New Alert System to Reduce Time, Stress for Pittsburgh FFs
By Megan Guza
Source The Tribune-Review
A new alert system installed across Pittsburgh’s firehouses will streamline responses and cut down on stress that wears on firefighters from listening to every call every moment they’re in the station, Public Safety officials said in introducing the system on Wednesday.
Dispatches are only heard by the station or stations that will be responding to the call, under the system.
Previously, every dispatch was heard in every room in every station.
Other emergency radio conversations and scanner chatter would also blare through each station’s speakers, Pittsburgh Bureau of Fire Lt. Dan Doyle said.
“Most of the people in the bureau would tell you it’s just part of the job, that’s what we get paid to do, it doesn’t affect me – I’m used to that,” Doyle said, speaking alongside other Public Safety and city officials outside Station 37 in the Manchester neighborhood.
Research shows that’s not true, he said.
“It raises your pulse rate, your body reacts to it even though you’re not going to be the one going on that call,” he said. “You kind of jump real quick to make sure before you arrive at the conclusion, ‘Oh, that’s not me,’ and you can go back about your business.”
“Twenty, 30, 40 years of that really packs a punch,” he said.
The technology comes from PURVIS, a Rhode Island-based company, and it has been used in a number of other cities for years, including New York City.
Public Safety Director Wendell Hissrich said he’d experienced the jarring dispatches himself when he was a city medic in the late 1980s.
“I sat many a times up at (Station 12) where, throughout the night, throughout the day, the radio was blaring,” Hissrich said. “It was very stressful, especially at night. You would jump out of your chair on a fire call because the intercom was so loud.”
When he came back to Pittsburgh 25 years later he was dismayed to find the very same alert system in place, Hissrich said.
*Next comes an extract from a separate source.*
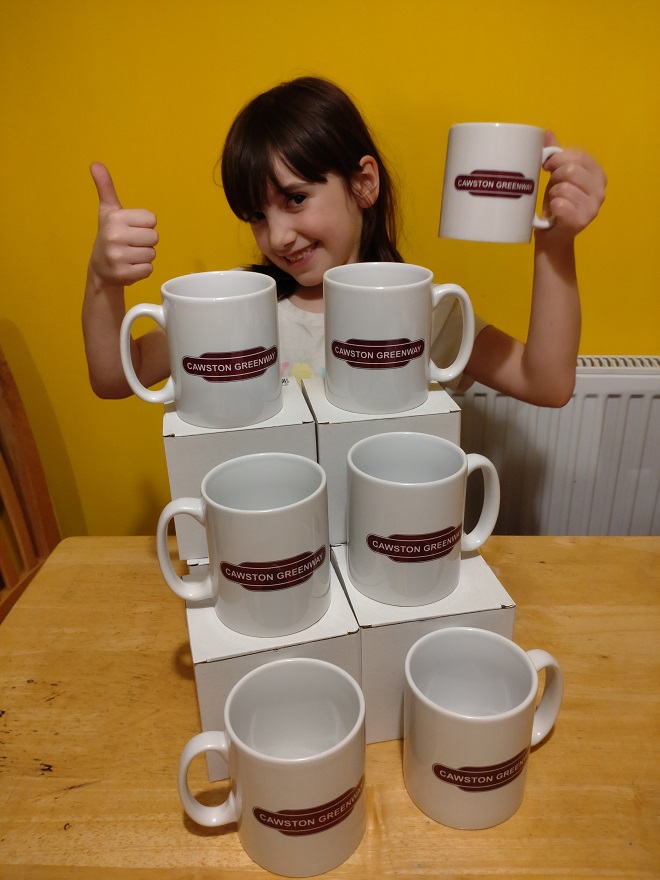 We have more Cawston Greenway mugs available, modelled by our wonderful Head of Retail, Ruby.

A color-coded light system in each of the station’s rooms will let firefighters know before they even hear the call what it is – a building fire, a smoke alarm, a car fire, and so on. The speaker itself will start with a low tone and then get louder, and a light on the speaker specifically in the bunk room will light up slowly just enough for crews to see the way to their gear.
A hard copy of the call details will automatically print out, and the details will be displayed on a 60-inch LED board in each station. There are fail-safes in place that detect if there’s a problem in the system, which will then revert back to the alerts being broadcast to all stations, making it so no call is ever missed.
Chief Darryl Jones the new system will be vital to reducing unneeded stress on firefighters – and vital to getting crews out the door faster and with more information.
“Not only will it be more efficient as far as getting us out of the station… we get out of the station with more information,” he said.
Mayor Bill Peduto said the old system was once likened that from the 1970s television show “Emergency.”
“Utilizing that type of technology to save people’s lives and never changing it is not an investment in the people of the city of Pittsburgh,” he said. “That’s what this simply comes down to: a better informed firefighter, a better informed medic are able to save more people’s lives.”